Sunday Sermons

Epiphany 2018: Our Expectations

It is perhaps a good time to think about expectations for the year ahead .. what are you expecting from the coming year. In particular this morning I want to ask what are you expecting in the context of the church here in our villages and communities? What should we expect in 2018?

Perhaps it feels good to think about this .. or perhaps you fear the worst .. perhaps it brings excitement or dread .. whatever we feel the season of Epiphany reminds us that we as the church are called to be those who lift our heads in expectation. To look beyond our navel and to gaze rather into the future through the lens of God’s promises and our prayers.

Epiphany is all about expectation and getting this right. Because getting our expectations wrong can be a source of much frustration and anxiety and pain just as much as getting them right can be a source of fulfilment and joy. If our expectations are met great peace and comfort come from this.

Our passages from scripture this morning show us how we can get it right and wrong in relation to what god promises us. In Psalm 72 we have one of the passages on which the Jewish people had built their expectations on a coming King .. a promised Messiah. Did you see that in the Psalm …

God promises Israel a King on the same throne of David and of him it says .. read v 8-15

This promise of a King in the Psalms leads both the Wise men from the East and King Herod to take actions in their own lives hundreds of years later. Matthew tells us how the story unfolds.

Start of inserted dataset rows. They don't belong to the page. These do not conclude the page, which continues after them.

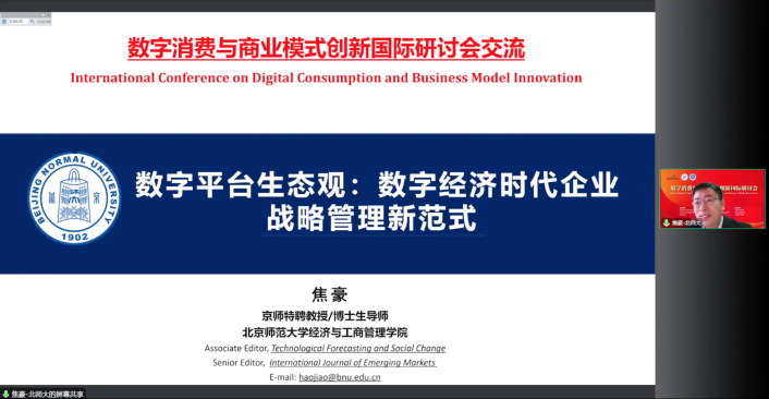 、服务业发展与数字化研究院、消费大数据研究中心共同承办,《管理评论》编辑部、清华经管学院中国工商管理案例中心、《创新科技》编辑部共同协办,国家自然科学基金重大项目“数字经济中数据要素有效使用与消费者保护”支持的“数字消费和商业模式创新”国际研讨会顺利召开。本次会议采用线上方式举行,共计8000余人参会。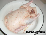 Утку моем под холодной водой, вытираем насухо. Смазываем 1 ст. л. растительного масла, солим и перчим внутри и снаружи, натираем второй половиной пряной смеси.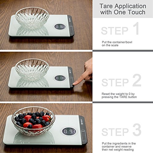 Benutzerfreundlich: Leicht umschaltbar zwischen einstellbaren Einheiten g / fl.oz / lb: oz / ml / oz; Der genaue Tara-Knopf lasst Sie das Gewicht eines Behalters vom Gesamtgewicht abziehen, damit Sie das Nettogewicht des Inhalts leicht berechnen konnen, verwendbar fur beide trockene Bestandteile und Flussigkeiten; Ausgestattet mit Anti-Rutsch-Polsterung zur Stabilisierung und leicht zu reinigen Glasoberflache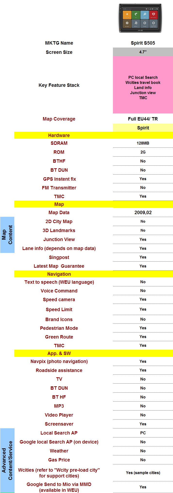 | Název výrobku | MIO Moov S505u Spirit GPS navigace, LCD 4,7", TMC, mapy Evropy |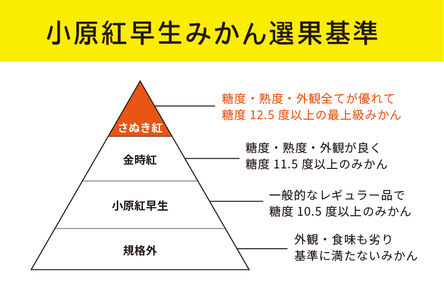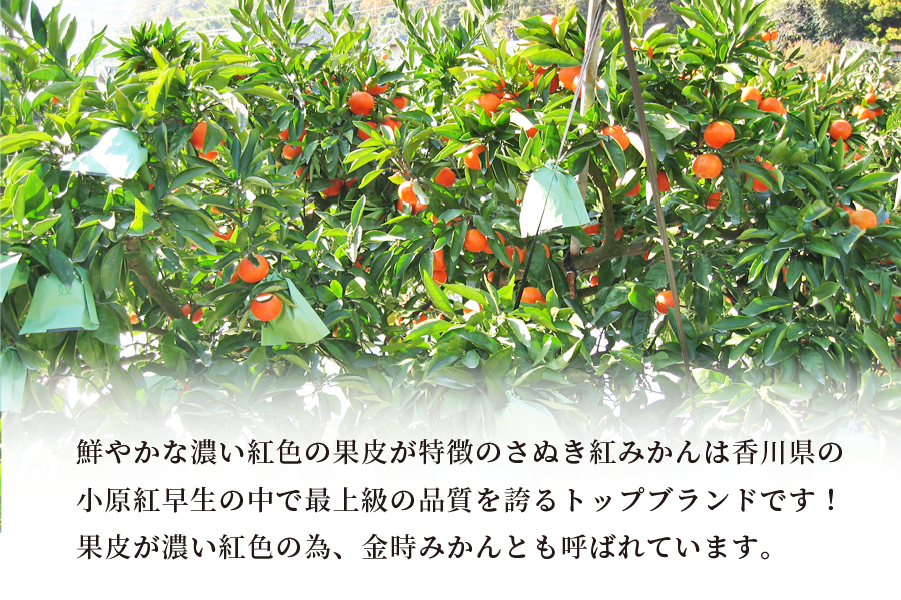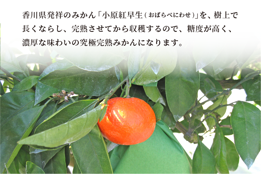 昭和48年に香川県坂出市の小原さんのみかん園で果皮が濃い紅色をしたみかんが発見されました。 このみかんは「小原紅早生」と命名され、香川県農業試験場府中果樹研究所などで調査を行い、 平成5年10月に品種登録された香川県のオリジナル品種です。 本来の収穫時期より2ヶ月あまり遅い年明けまで樹上で越冬させ、完熟にしてから収穫します。 丹精込めて育てられた大変希少なみかんです。

The Wise men take the later part of the prophecy to be important as they seek to come and bless and worship and give gifts to the promised King and Messiah. Their expectation is that there is one coming who they should pay homage too … and so they spend their lives in expectation .. making a journey in hope of expectation fulfilled in their lives as they do indeed pay homage and give gifts to the King of the Jews who is this child Messiah.

Herod on the other hand looks at the Jewish promise of a King as a threat. He perhaps reads the other verses of the Psalm as an indication of a political challenge. The Jews are expecting someone to come and free them from oppression .. and he is the oppressor!! So he acts out his fears in the worst possible way to eliminate the innocent children in Israel.

So we are shown in this passage from Matthew that what we expect from God has a massive impact on how we act in our lives. If we fear the future we can display the panic of a cornered animal lashing out and attacking those around us. We should always remember this when we ourselves are on the receiving end of those who lash out and hurt us .. it is often because they are afraid or expecting the worst.

But if we see hope in the future we like the wise men will be prepared to journey day and night, tirelessly riding into the future because we are expecting to find God there ahead of us ..  fulfilling a plan set out before the foundation of the world.

What is your hope and your vision for 2018? How are each of us going to be involved in fulfilling that vision? Ask yourself in the quiet how God might intend you to journey through the coming year? What are we expecting to happen in our worship and community life? Without thinking about this it seems to me we might fall short or indeed miss the point of gathering and worshipping this year. So let us gaze forward and set our expectations like stars in a dark sky as the church of God in this place in this moment.